Problem statement: Look for the line that has "下地処理後、リアバンパー塗装" in the material below; please repeat it and every line after it, exactly, up to and including the line that has "Une tapisserie d'anniversaire", and nothing else.

*** Block opens ***

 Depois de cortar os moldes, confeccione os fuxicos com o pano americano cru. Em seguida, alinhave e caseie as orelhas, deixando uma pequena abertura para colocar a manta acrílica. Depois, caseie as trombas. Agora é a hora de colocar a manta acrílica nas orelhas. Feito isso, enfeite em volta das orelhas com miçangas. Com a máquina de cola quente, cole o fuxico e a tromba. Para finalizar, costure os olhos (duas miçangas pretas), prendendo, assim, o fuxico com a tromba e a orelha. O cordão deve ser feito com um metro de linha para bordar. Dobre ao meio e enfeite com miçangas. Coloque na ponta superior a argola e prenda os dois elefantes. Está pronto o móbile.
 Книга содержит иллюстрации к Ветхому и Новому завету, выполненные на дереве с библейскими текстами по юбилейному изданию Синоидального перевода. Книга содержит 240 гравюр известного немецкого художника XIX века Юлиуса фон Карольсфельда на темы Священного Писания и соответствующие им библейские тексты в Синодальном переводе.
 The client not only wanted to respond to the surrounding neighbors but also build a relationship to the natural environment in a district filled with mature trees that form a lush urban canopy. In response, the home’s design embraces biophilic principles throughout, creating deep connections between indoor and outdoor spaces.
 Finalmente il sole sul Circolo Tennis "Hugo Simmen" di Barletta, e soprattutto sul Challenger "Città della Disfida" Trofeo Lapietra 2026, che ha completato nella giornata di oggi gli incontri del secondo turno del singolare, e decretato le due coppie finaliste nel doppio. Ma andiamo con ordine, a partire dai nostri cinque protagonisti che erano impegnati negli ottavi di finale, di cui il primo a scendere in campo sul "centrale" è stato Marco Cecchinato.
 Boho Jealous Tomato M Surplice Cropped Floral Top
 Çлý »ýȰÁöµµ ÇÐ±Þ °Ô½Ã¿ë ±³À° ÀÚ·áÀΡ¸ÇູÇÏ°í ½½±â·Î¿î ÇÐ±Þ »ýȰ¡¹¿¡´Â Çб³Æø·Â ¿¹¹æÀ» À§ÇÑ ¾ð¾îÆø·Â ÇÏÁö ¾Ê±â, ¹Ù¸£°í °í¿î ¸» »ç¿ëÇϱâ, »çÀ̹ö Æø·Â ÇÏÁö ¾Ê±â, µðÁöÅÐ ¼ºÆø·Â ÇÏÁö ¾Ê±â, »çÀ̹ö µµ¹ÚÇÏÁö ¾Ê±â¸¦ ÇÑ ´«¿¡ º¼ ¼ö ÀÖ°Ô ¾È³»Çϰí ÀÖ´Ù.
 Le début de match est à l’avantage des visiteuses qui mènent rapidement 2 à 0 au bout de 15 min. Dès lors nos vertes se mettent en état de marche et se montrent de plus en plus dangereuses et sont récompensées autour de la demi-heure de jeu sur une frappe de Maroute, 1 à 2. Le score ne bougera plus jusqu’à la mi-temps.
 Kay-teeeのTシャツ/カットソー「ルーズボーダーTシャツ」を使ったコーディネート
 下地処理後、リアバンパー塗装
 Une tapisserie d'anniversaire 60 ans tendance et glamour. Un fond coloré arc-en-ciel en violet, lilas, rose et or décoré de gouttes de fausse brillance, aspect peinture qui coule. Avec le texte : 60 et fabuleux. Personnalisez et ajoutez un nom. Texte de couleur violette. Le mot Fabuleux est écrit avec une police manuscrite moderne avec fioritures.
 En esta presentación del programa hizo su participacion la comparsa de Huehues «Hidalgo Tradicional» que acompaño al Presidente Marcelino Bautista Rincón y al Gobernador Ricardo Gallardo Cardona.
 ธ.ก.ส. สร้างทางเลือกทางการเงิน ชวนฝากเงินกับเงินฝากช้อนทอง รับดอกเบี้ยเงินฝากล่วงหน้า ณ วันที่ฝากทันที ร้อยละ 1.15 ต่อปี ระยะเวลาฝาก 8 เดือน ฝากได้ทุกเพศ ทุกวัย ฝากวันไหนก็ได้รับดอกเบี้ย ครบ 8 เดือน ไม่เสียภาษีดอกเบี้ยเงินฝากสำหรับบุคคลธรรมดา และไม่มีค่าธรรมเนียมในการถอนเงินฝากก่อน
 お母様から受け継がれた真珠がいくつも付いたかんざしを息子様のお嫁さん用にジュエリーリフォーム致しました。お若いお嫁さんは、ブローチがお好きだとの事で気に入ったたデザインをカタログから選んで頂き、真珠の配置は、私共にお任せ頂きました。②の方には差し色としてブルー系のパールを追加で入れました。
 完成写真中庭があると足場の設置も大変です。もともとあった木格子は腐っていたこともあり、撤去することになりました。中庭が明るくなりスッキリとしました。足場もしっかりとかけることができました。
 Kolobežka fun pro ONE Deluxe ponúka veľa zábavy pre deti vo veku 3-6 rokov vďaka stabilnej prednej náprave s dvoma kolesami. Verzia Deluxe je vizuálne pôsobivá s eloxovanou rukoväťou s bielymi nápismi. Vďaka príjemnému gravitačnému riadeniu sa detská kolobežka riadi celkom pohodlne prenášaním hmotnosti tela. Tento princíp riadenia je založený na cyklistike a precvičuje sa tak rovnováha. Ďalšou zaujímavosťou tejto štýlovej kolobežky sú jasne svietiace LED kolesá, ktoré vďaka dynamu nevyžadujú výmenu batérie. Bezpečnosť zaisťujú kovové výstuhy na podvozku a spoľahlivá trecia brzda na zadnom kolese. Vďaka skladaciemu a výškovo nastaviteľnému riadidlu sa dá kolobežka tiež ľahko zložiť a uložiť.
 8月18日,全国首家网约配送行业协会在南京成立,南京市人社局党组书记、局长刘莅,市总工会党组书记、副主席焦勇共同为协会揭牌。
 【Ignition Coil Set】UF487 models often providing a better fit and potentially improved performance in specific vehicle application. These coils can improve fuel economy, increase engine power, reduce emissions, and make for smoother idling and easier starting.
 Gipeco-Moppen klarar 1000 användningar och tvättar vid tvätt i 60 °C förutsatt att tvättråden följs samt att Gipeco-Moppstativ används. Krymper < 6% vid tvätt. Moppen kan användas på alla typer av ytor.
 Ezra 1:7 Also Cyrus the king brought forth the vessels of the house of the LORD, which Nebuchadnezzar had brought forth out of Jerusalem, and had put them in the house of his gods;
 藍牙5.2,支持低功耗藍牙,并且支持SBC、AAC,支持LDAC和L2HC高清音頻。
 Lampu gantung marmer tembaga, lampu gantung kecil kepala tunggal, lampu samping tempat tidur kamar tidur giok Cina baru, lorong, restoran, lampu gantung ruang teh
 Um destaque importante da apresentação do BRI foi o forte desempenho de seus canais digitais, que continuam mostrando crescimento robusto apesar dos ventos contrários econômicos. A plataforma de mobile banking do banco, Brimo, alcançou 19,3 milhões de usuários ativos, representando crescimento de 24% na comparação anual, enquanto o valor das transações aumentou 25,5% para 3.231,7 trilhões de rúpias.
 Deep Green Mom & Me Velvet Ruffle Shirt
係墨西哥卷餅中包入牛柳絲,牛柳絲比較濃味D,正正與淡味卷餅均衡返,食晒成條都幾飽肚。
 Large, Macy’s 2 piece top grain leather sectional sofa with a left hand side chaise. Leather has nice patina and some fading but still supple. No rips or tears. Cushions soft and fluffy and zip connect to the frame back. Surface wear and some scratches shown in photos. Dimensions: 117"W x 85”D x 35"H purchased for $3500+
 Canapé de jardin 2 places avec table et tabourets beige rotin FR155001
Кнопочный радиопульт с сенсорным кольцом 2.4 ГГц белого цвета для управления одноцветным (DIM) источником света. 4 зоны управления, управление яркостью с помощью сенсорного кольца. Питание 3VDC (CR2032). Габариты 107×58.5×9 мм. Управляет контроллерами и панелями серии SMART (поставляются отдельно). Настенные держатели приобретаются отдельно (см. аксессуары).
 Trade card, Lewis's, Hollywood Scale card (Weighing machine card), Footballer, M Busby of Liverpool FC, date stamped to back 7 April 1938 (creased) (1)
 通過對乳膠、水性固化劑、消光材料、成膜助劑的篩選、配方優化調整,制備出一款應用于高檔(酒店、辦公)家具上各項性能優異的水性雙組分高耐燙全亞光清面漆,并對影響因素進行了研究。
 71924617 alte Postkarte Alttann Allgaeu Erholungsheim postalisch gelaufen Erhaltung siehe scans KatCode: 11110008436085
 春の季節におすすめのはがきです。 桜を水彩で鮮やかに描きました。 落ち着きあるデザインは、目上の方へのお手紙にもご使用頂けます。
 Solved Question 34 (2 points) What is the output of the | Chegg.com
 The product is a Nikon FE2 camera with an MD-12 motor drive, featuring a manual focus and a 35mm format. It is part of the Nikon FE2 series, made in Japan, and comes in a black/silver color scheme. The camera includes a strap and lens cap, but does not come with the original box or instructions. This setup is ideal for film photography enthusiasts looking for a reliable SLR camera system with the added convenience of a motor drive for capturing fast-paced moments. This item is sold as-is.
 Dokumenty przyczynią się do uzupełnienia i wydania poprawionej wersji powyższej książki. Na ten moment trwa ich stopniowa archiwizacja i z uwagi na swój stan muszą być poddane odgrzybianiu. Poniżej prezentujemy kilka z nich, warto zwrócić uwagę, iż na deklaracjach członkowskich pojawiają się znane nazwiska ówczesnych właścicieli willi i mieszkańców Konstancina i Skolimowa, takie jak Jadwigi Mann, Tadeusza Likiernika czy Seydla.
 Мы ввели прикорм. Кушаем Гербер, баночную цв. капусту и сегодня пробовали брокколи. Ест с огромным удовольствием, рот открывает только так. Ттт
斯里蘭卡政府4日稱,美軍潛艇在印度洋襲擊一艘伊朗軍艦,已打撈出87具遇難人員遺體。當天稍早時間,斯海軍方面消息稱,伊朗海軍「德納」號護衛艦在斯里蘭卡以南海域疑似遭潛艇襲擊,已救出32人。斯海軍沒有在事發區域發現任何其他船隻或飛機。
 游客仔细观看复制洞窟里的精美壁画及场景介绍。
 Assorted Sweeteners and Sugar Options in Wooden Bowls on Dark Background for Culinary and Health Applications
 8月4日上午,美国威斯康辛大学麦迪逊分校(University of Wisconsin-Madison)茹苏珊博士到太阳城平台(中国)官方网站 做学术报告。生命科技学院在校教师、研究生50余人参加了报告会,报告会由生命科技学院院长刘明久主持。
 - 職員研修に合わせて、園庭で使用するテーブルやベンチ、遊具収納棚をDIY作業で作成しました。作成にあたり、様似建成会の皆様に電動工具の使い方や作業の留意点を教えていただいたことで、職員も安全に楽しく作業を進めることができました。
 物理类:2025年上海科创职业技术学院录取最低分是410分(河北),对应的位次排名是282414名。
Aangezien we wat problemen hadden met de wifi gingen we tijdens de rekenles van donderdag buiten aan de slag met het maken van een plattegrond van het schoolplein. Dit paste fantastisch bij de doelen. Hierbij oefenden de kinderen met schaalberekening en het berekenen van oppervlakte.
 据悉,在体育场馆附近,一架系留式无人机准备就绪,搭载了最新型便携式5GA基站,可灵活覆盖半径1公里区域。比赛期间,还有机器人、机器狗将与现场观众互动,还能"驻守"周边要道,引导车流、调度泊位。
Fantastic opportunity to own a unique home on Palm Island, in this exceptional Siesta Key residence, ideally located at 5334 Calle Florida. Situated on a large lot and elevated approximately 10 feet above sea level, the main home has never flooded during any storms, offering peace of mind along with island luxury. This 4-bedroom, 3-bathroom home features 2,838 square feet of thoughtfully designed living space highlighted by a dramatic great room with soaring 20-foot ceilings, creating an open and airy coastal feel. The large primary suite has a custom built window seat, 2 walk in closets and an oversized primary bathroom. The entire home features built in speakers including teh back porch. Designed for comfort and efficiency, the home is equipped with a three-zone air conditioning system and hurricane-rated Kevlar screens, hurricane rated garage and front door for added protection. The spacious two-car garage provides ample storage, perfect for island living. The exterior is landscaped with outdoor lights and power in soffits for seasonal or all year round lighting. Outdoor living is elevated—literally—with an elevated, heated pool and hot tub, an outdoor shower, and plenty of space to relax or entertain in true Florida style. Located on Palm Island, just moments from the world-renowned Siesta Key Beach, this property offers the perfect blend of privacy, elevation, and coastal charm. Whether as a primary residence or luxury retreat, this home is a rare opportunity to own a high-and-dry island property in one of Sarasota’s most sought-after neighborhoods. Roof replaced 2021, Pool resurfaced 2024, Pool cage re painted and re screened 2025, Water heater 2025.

*** Block closes ***

Task solution:
 下地処理後、リアバンパー塗装
 Une tapisserie d'anniversaire 60 ans tendance et glamour. Un fond coloré arc-en-ciel en violet, lilas, rose et or décoré de gouttes de fausse brillance, aspect peinture qui coule. Avec le texte : 60 et fabuleux. Personnalisez et ajoutez un nom. Texte de couleur violette. Le mot Fabuleux est écrit avec une police manuscrite moderne avec fioritures.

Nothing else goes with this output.